Metabolic Markers of Caries in Saliva and Plaque of Toddlers

Objectives: Targeted healthcare is paramount for cost-effective caries management. Objective: Our long-term objective is to identify predictive markers of dental caries risk in young children. The objective of this study was to compare saliva and plaque as possible targets for metabolomic screening of caries activity in toddlers.

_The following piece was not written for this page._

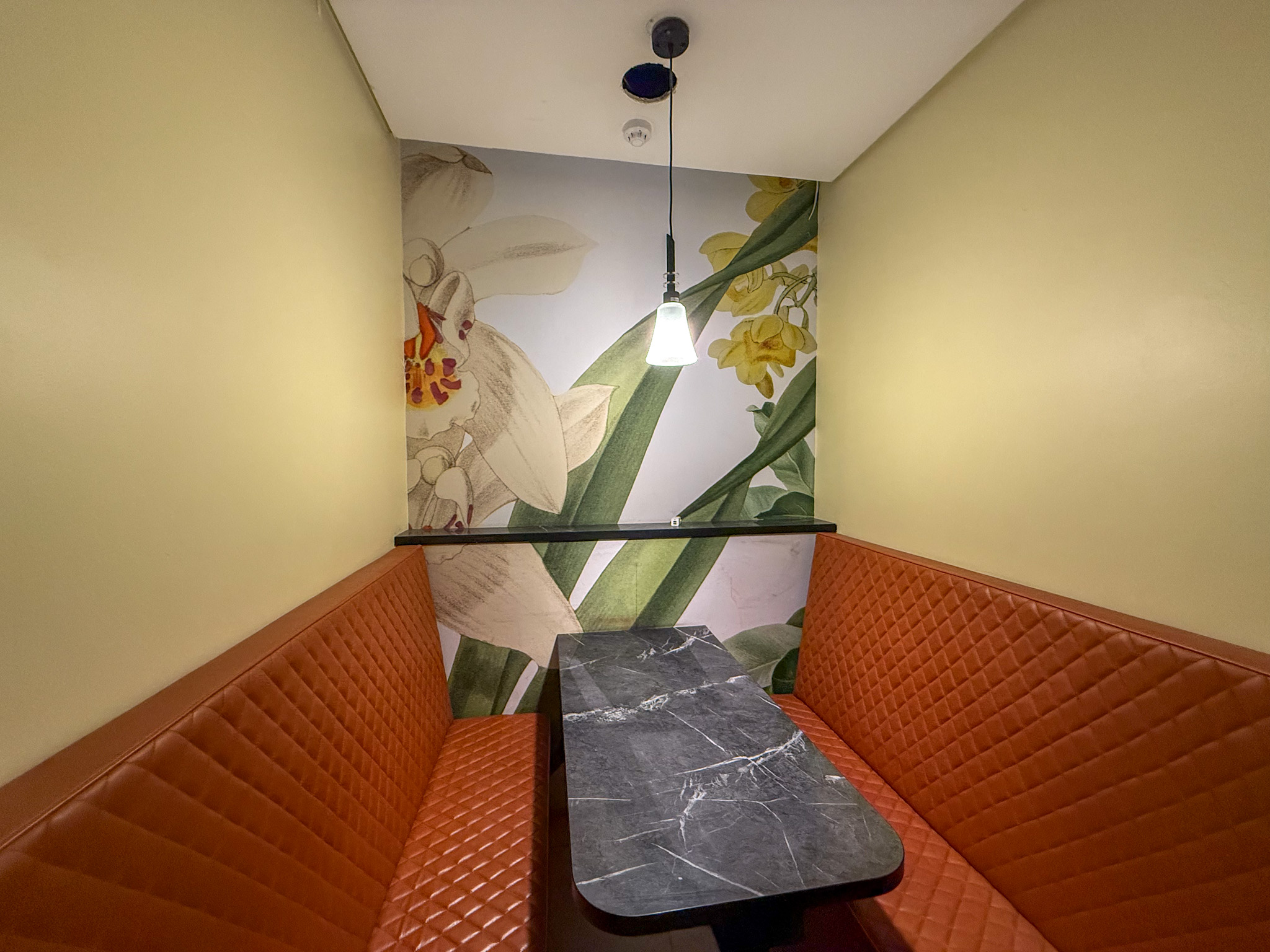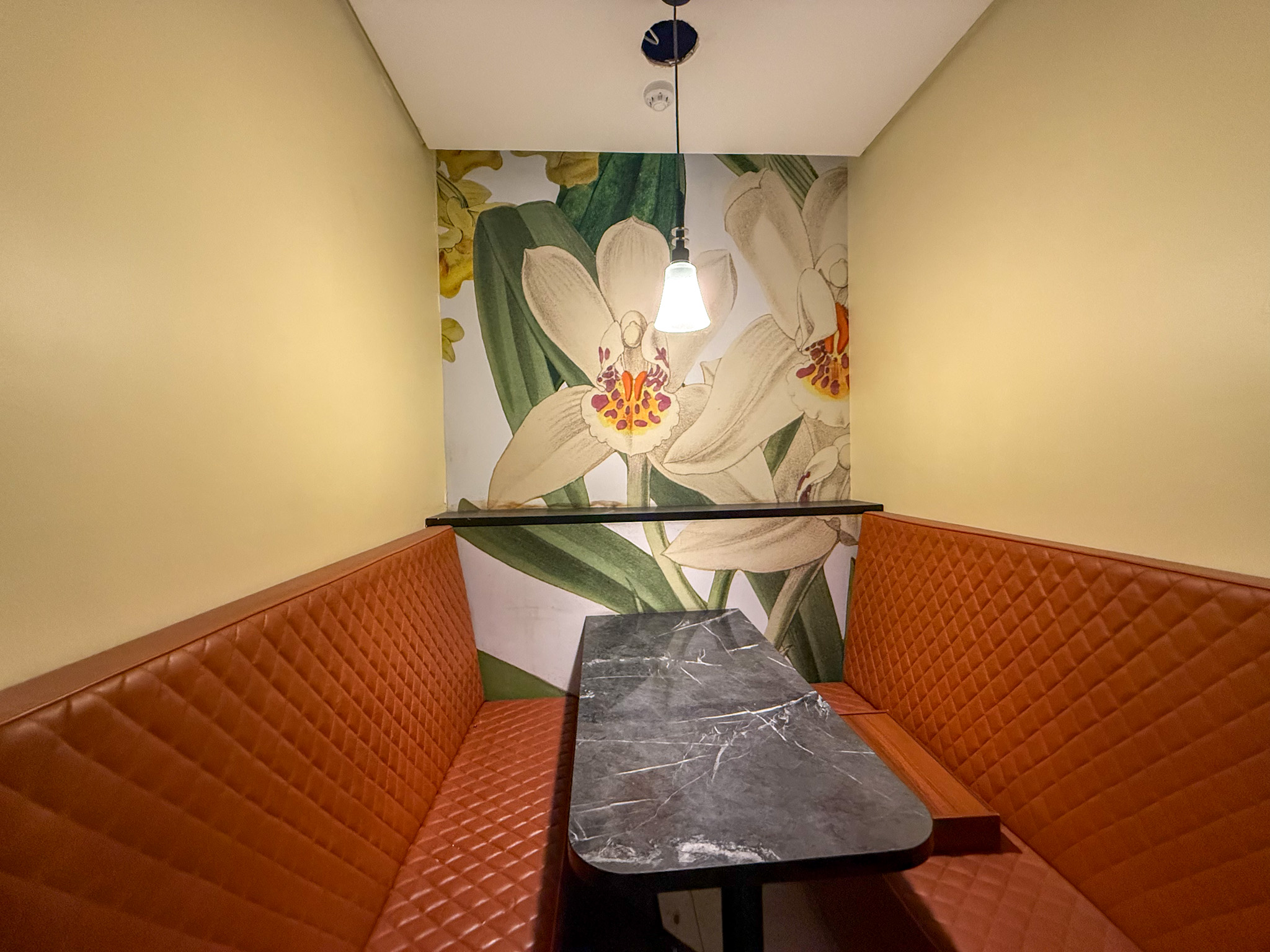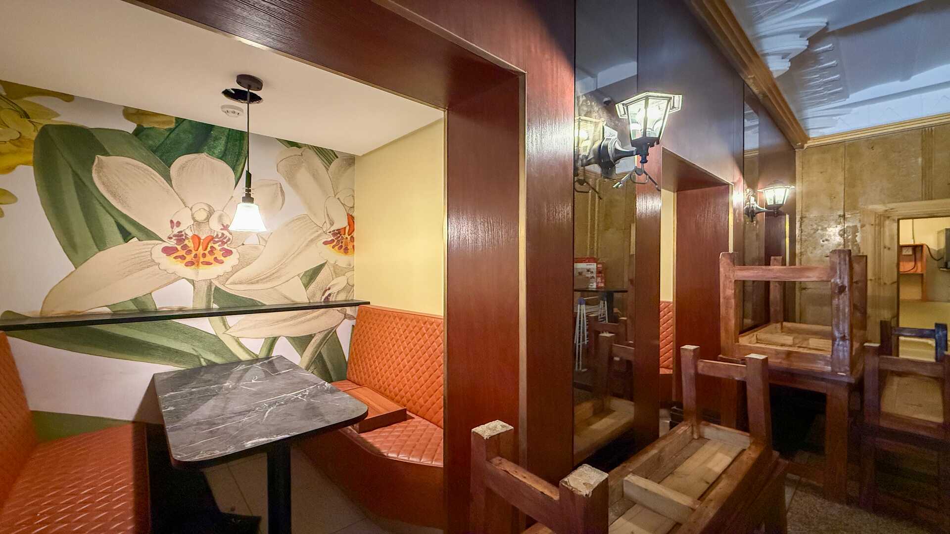 The unit features a reception area, three booth-style seating sections, and a back room that can easily be converted into a compact kitchen, making it ideal for a takeaway, café, or boutique dining concept.

Methods: Methods: Saliva and plaque samples were collected from a group of 50 children (1-3 years of age): 25 caries-free (no caries lesions– cavitated or non-cavitated– and low caries risk) and 25 caries-active (3-or-more active cavitated lesions). Collected specimens included two swabs soaked with pooled saliva from the buccal vestibules, and one microbrush with pooled plaque from the facial surface of maxillary central incisors and from any existing cavitated lesions. Samples were immediately placed in OM-505 tubes (DNA Genotek, Inc.) and frozen at -80°C until untargeted metabolomic profiling analyses on Gas Chromatography-Mass Spectrometry (GC/MS) and Liquid Chromatography with Tandem Mass Spectrometry Detection (LC/MS/MS) platforms.
Results: Results: Global biochemical profiles determined from the saliva and plaque samples revealed a limited number of statistically significant (p<0.05) differences between children with dental caries as compared to healthy controls. These differences were consistent with subtle indications of increased microbial activity and included polyamines and aromatic amino acid degradation products. Additionally, a trend of elevated lactate levels in the plaque of children with dental caries was observed. Random Forest Analysis (predictive accuracies of 60 and 51%, respectively, for saliva and plaque samples) and Principal Component Analysis showed limited ability to segregate diseased from healthy subjects based on the metabolomic profiles in saliva or plaque.
Conclusions: Conclusion: Under the conditions of this study there were limited significant differences between caries-active and caries-free children’s plaque and salivary metabolomes.